--- Data for review Enclosed Below ---

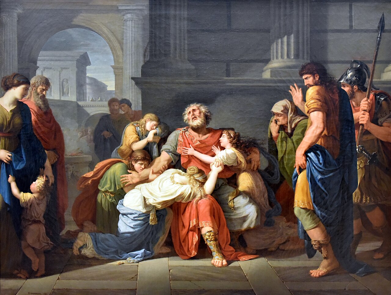 أوديب الملك مخاطبًا الآلهة بعد معرفته للحقيقة في لوحة للفنان الفرنسي من أصول إيطالية (Bénigne Gagneraux) بعنوان "الأعمى أوديب يشيد بأطفاله للآلهة"
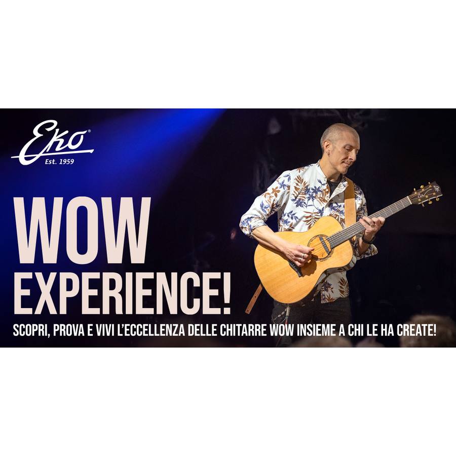 Una serie senza compromessi basata su una selezione di legni provenienti da tutto il mondo. WOW, acronimo di Wood Of the World Series, ma anche l'esclamazione di chi vede queste chitarre per la prima volta, rappresenta il top della gamma del catalogo EKO. Ogni singola chitarra è unica e ogni parte in legno è selezionata tra una vasta gamma di materiali pregiati come Cocobolo, Ovangkol, Koa, Ebano, Sapele e altri. Tutta la serie WOW è All Solid, quindi, con top, fasce e fondo in massello, viene esaltata la natura del legno a favore di una timbrica particolarmente specifica.
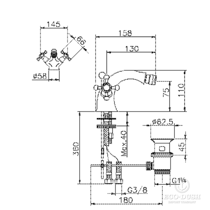 HUBER Victorian Смеситель двухвентильный для биде на 1 отверстие с донным клапаном, цвет никель матовый (акция на товар из наличия)
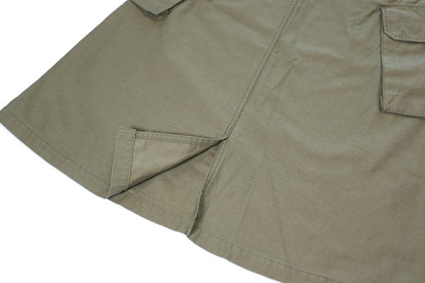 無骨なミリタリーディテールですが、スカートにする事によってレディライクな着こなしに
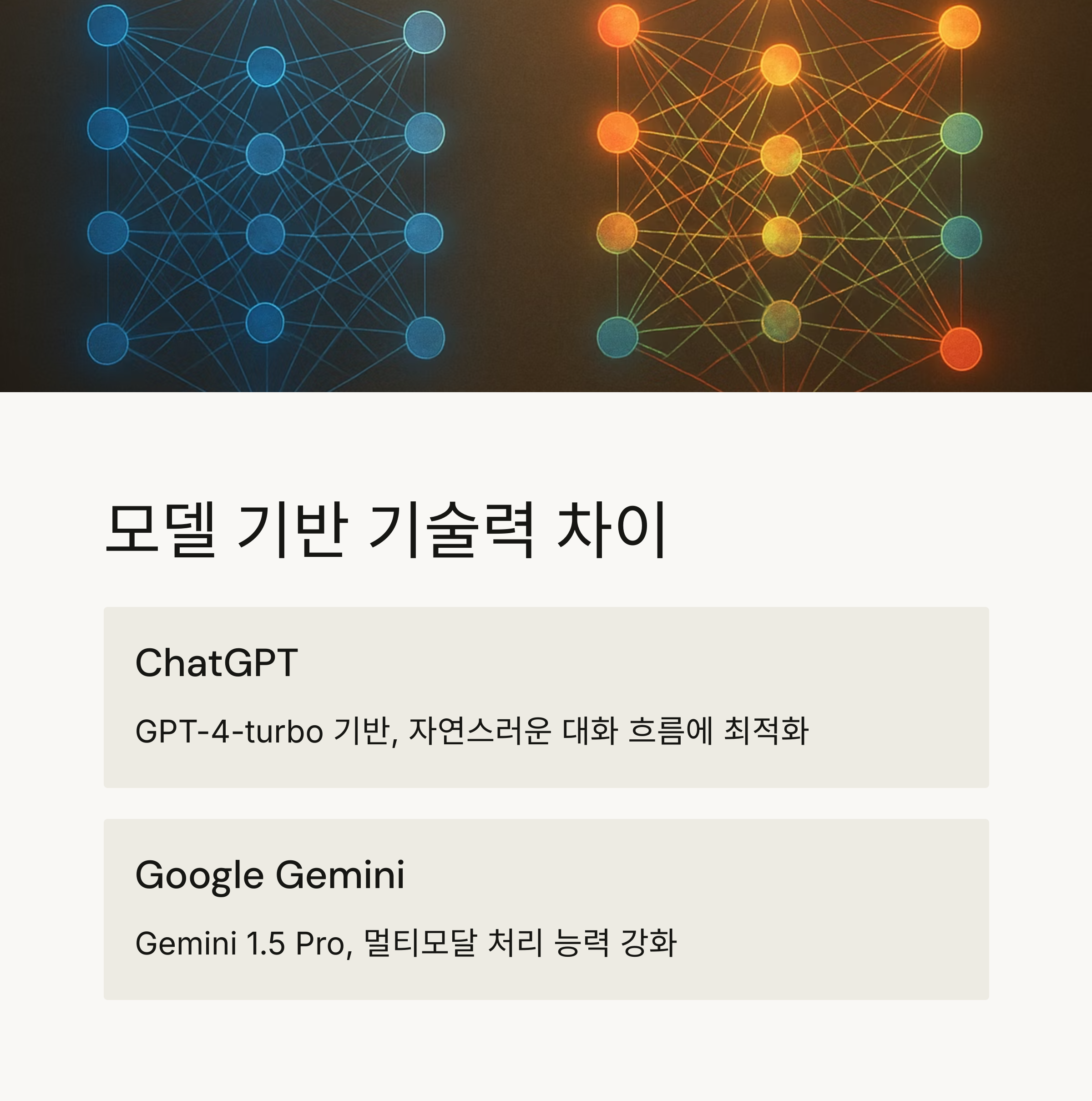 반면 Google Gemini는 자체 PaLM 2 기반으로 출발하여
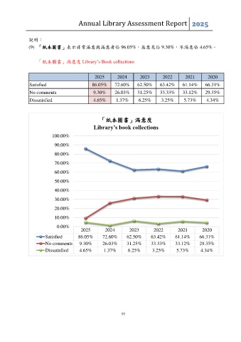 (9) 「紙本圖書」表示非常滿意與滿意者佔 96.05%,無意見佔 9.30%,不滿意佔 4.65%。
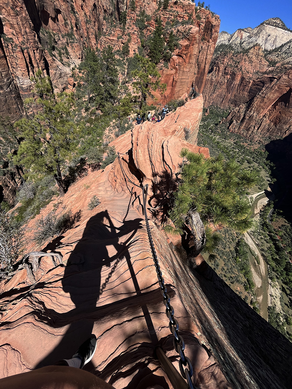 | Angels Landing -reittiä ei turhaan sanota hurjaksi. Osa reitistä edetään ketjun varassa rotkon reunalla. |
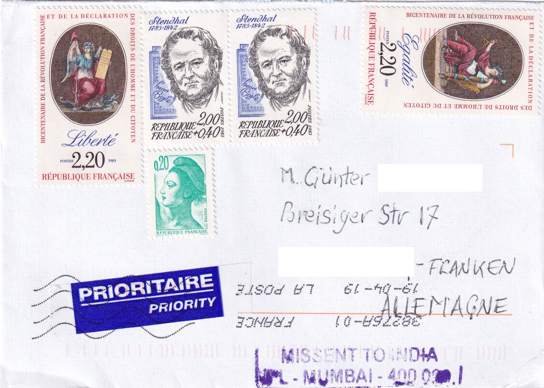 Kein Wunder, wenn man ewig auf seine Post warten muss. Von Frankreich über Indien nach Deutschland. Das ist nicht die ideale Verbindung?
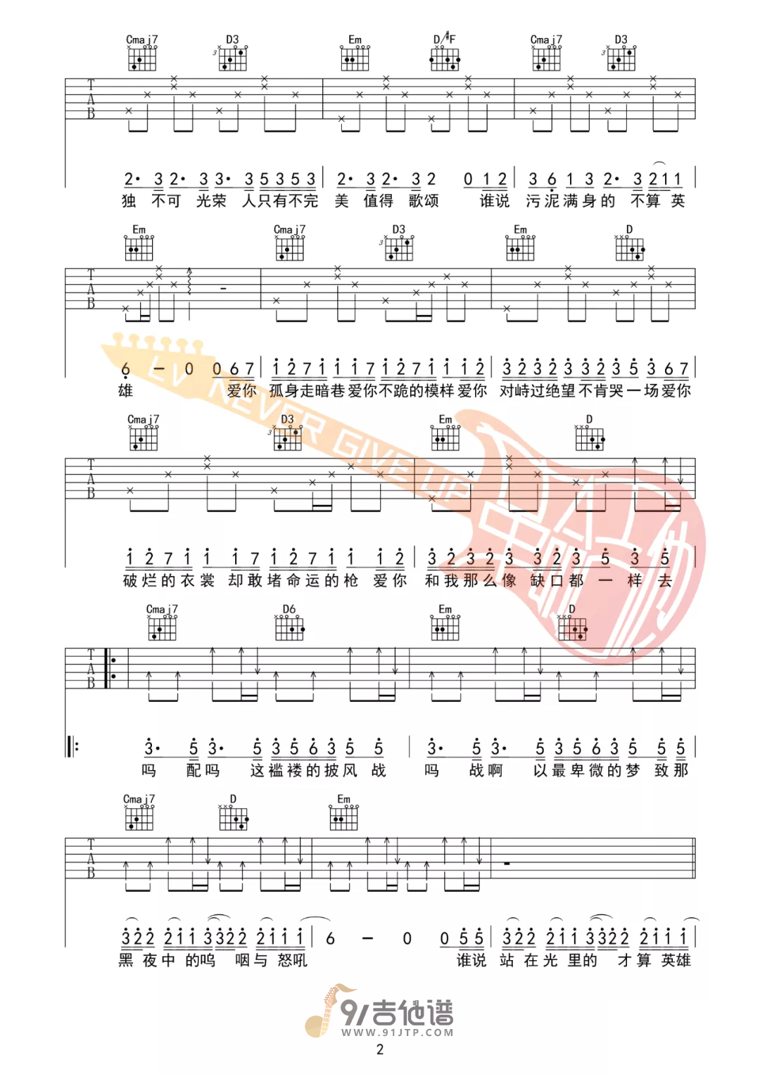 孤勇者吉他谱 - Guitar - G调吉他弹唱谱 - 原版
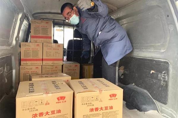 辽宁大区鞍山分公司经销商辽阳晟禾商贸公司,在疫情期间为保障粮油产品的充足供应,组织起鲁花工作者,在安全防护下坚持为各卖场及时送货,保证货源,确保疫情期间不涨价、不断货。
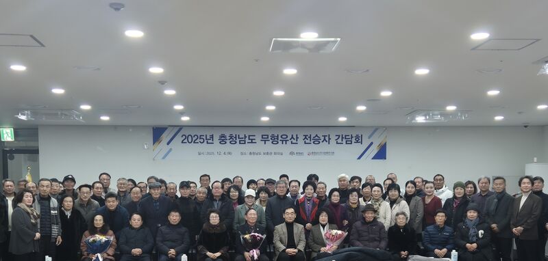 충남역사문화연구원(원장 장기승)은 4일 충청남도 보훈관(홍성군 홍북읍 홍예공원로 65)에서 2025년 충청남도 무형유산 전승자 간담회(이하 간담회)를 개최하였다. 이번 간담회는 충청남도 지정 무형유산의 체계적인 전승 기반을 마련하고, 현장의 다양한 의견을 수렴하기 위해 마련되었다.
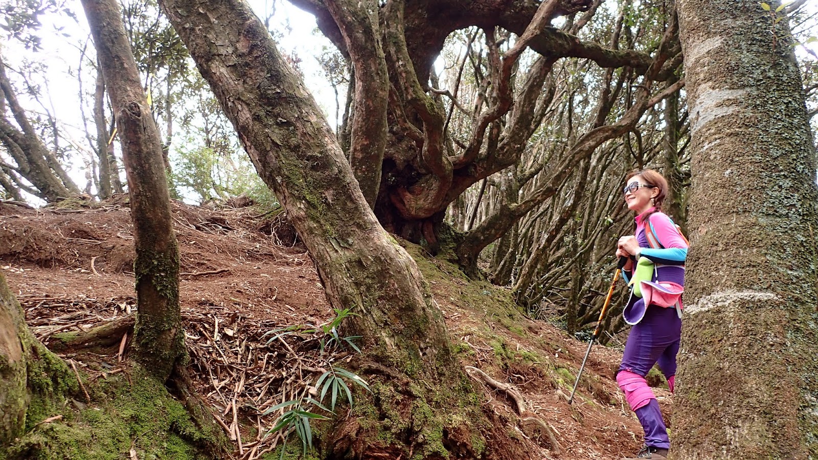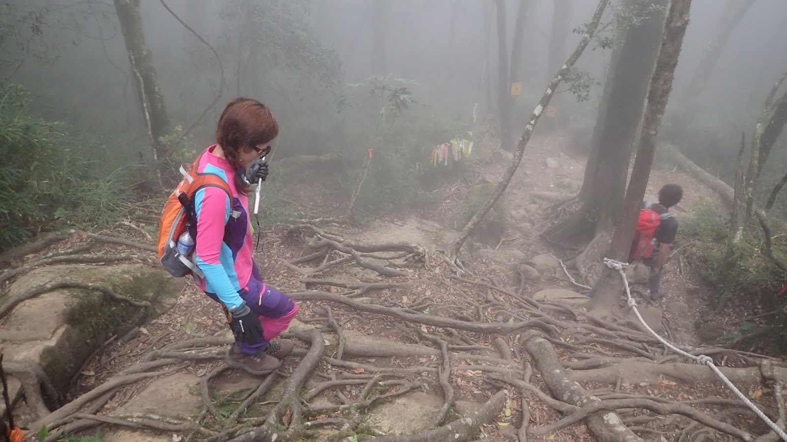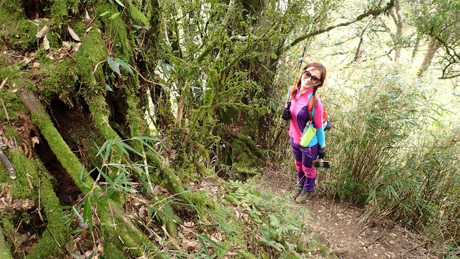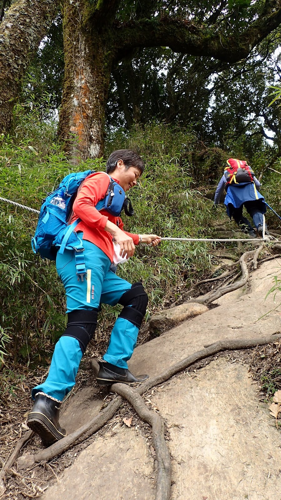 走在杜鵑林內, 一路上景致迷人充滿驚喜, 九段要我們繼續走, 說後面的人如果太晚到可能不讓他們上去了, 歐耶, 取得上加里山的通行證, 新認識的紅衣服姐姐也很喜歡拍照, 沿途幫我們拍好多照片, 瞧那拍照架勢, 專業認真
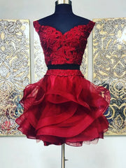 Two Pieces Lace Short Prom Dresses Short Homecoming Evening Dresses
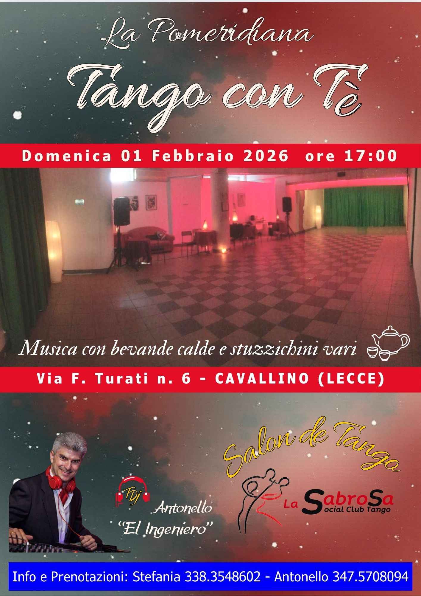 Dopo il grande successo del 10 gennaio con la Milonga Sabrosa al Salon de Tango, ci ritroveremo con la Pomeridiana del Tango con Tè.
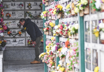 4月5日,市民前往萬安公墓祭奠。將骨灰盒放入墻內骨灰格的立體安葬方式,成為眾多家庭的選擇。新京報記者 陶冉 攝
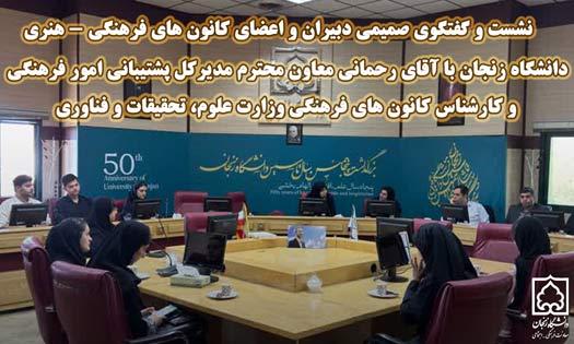 نشست و گفتگوی صمیمی دبیران و اعضای کانون های فرهنگی - هنری دانشگاه زنجان با آقای رحمانی معاون محترم مدیرکل پشتیبانی امور فرهنگی و کارشناس کانون های فرهنگی وزارت علوم، تحقیقات و فناوری در این نشست که مسئولین فرهنگی دانشگاه و کارشناس کانون های وزارت علوم نیز حضور داشتند؛ جناب آقای رحمانی فضای کانون های فرهنگی را بهترین بستر موجود برای کارهای تشکیلاتی، کسب مهارتهای ارتباطی و مدیریتی و شکوفایی توانمندی های فردی ذکر کردند. در این نشست آقای محمدامین شاهمرادی دبیرکل کانون های فرهنگی و اجتماعی، گزارشی درخصوص کسب افتخارات، توانمندی ها و فضای کانونهای دانشگاه مطرح نمودند. دیگر اعضا نیز درخصوص دغدغه های کانون های فرهنگی تبادل نظر داشته و حمایت های مادی و معنوی وزارت محترم عتف را خواستار شدند.
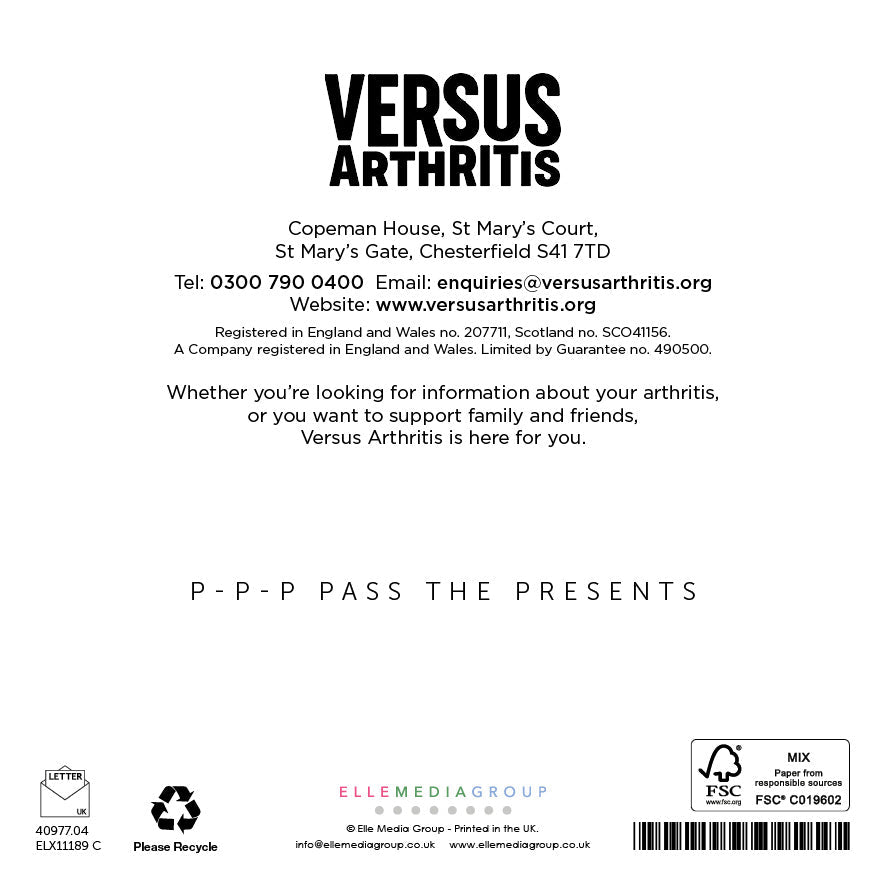 Each pack of cards you buy will help to fund life changing research and services for people with arthritis. Thank you.
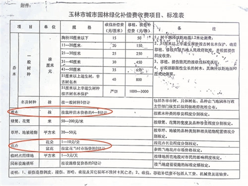 工作人員解釋,在2004年的時候,玉林市物價局發布了一份《關于玉林市城市園林綠化補償費收費問題的批復》的文件,里面指出,凡在玉林市規劃范圍內,損傷園林植物的,均要按照規定的收費項目和標準繳納園林綠化補償費。
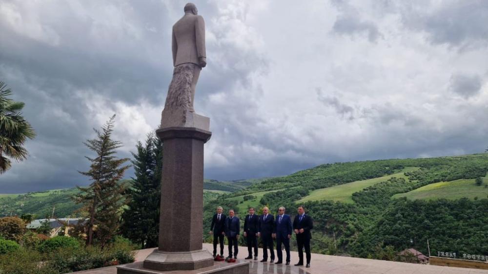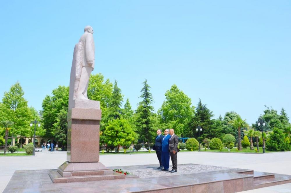 Tədbir iştirakçıları əvvəlcə Ulu Öndər Heydər Əliyevin abidəsini ziyarət edərək önünə gül dəstələri qoyublar.
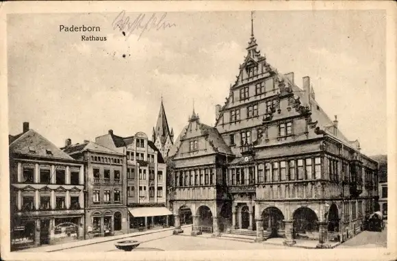 Ak Paderborn in Westfalen, Rathaus, Geschäfte
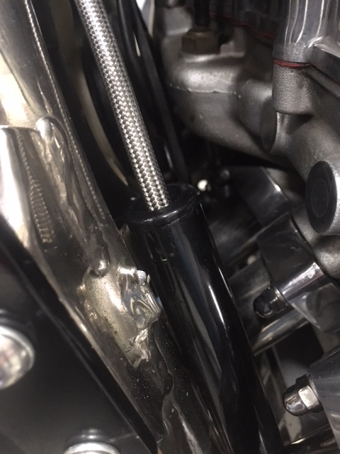 The heat shield was an afterthought..........after I thought, "I smell something" ! Despite using the two cable retainers on the frame I realized too late that turning the bars had bowed the line enough to touch. "Oh, the Humanity"! So.......you've been warned !
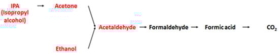 The apparent reaction constants of target compounds are calculated and are listed in Table 2. The reaction constants of isopropyl alcohol and ethanol were determined with a high coefficient of determination (R2 = 0.99), while those of acetone and acetaldehyde were determined with a poor to moderate coefficient of determination (R2 = 0.91 − 0.97). The possible reasons for this poor correlation could have originated from the formation of byproducts. Thus, the consecutive reaction relationships of isopropyl alcohol, acetone, ethanol, and acetaldehyde were considered as shown in Figure 6 [,,,].
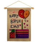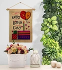 Happy Birth Day Garden Flag - Set Wood Dowel Celebration Birthday Cake Gift P...
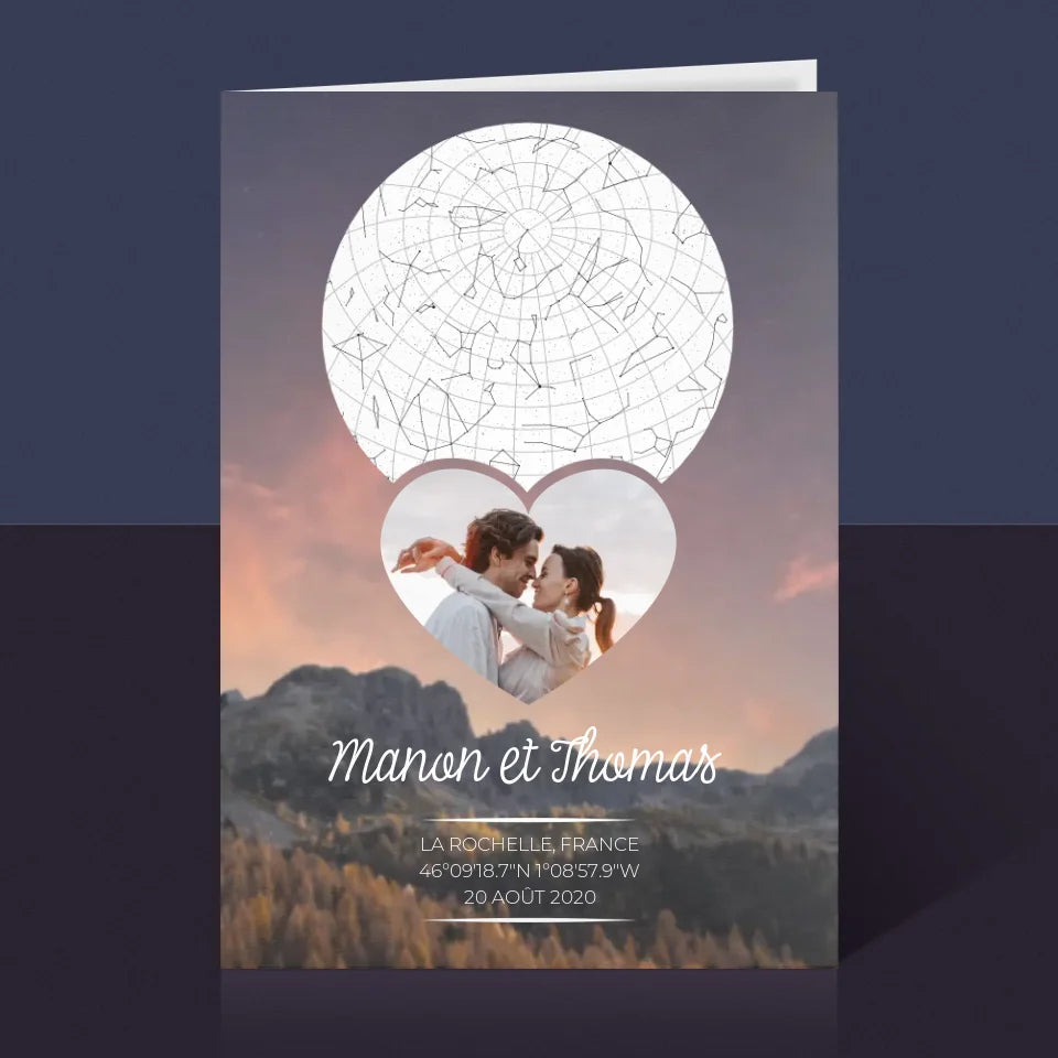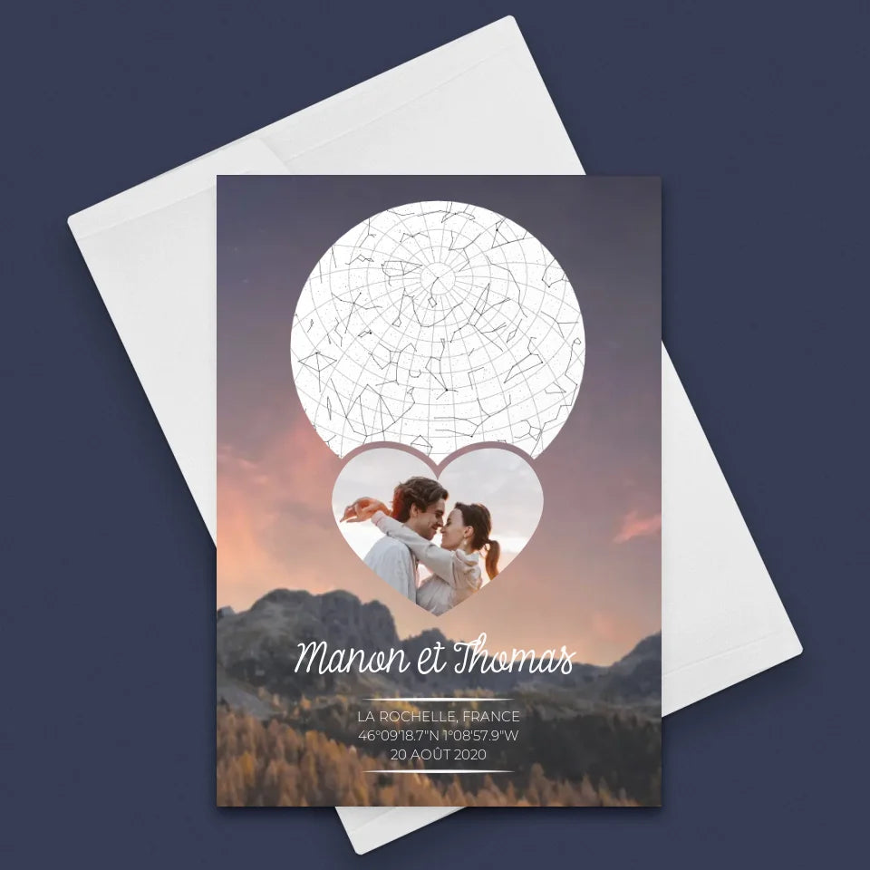 Carte Des Étoiles: Un Couple Amoureux À La Montagne - Carte de vœux

--- End of Enclosed Data for review ---

* Task instructions: Go to the line above holding "沿途幫我們拍好多照片, 瞧那拍照架勢, 專業認真", then copy exactly each line down to and including the one holding "The heat shield", leaving pictures out.

* Result of the task:
 走在杜鵑林內, 一路上景致迷人充滿驚喜, 九段要我們繼續走, 說後面的人如果太晚到可能不讓他們上去了, 歐耶, 取得上加里山的通行證, 新認識的紅衣服姐姐也很喜歡拍照, 沿途幫我們拍好多照片, 瞧那拍照架勢, 專業認真
 Two Pieces Lace Short Prom Dresses Short Homecoming Evening Dresses
 Dopo il grande successo del 10 gennaio con la Milonga Sabrosa al Salon de Tango, ci ritroveremo con la Pomeridiana del Tango con Tè.
 4月5日,市民前往萬安公墓祭奠。將骨灰盒放入墻內骨灰格的立體安葬方式,成為眾多家庭的選擇。新京報記者 陶冉 攝
 نشست و گفتگوی صمیمی دبیران و اعضای کانون های فرهنگی - هنری دانشگاه زنجان با آقای رحمانی معاون محترم مدیرکل پشتیبانی امور فرهنگی و کارشناس کانون های فرهنگی وزارت علوم، تحقیقات و فناوری در این نشست که مسئولین فرهنگی دانشگاه و کارشناس کانون های وزارت علوم نیز حضور داشتند؛ جناب آقای رحمانی فضای کانون های فرهنگی را بهترین بستر موجود برای کارهای تشکیلاتی، کسب مهارتهای ارتباطی و مدیریتی و شکوفایی توانمندی های فردی ذکر کردند. در این نشست آقای محمدامین شاهمرادی دبیرکل کانون های فرهنگی و اجتماعی، گزارشی درخصوص کسب افتخارات، توانمندی ها و فضای کانونهای دانشگاه مطرح نمودند. دیگر اعضا نیز درخصوص دغدغه های کانون های فرهنگی تبادل نظر داشته و حمایت های مادی و معنوی وزارت محترم عتف را خواستار شدند.
 Each pack of cards you buy will help to fund life changing research and services for people with arthritis. Thank you.
 工作人員解釋,在2004年的時候,玉林市物價局發布了一份《關于玉林市城市園林綠化補償費收費問題的批復》的文件,里面指出,凡在玉林市規劃范圍內,損傷園林植物的,均要按照規定的收費項目和標準繳納園林綠化補償費。
 Tədbir iştirakçıları əvvəlcə Ulu Öndər Heydər Əliyevin abidəsini ziyarət edərək önünə gül dəstələri qoyublar.
 Ak Paderborn in Westfalen, Rathaus, Geschäfte
 The heat shield was an afterthought..........after I thought, "I smell something" ! Despite using the two cable retainers on the frame I realized too late that turning the bars had bowed the line enough to touch. "Oh, the Humanity"! So.......you've been warned !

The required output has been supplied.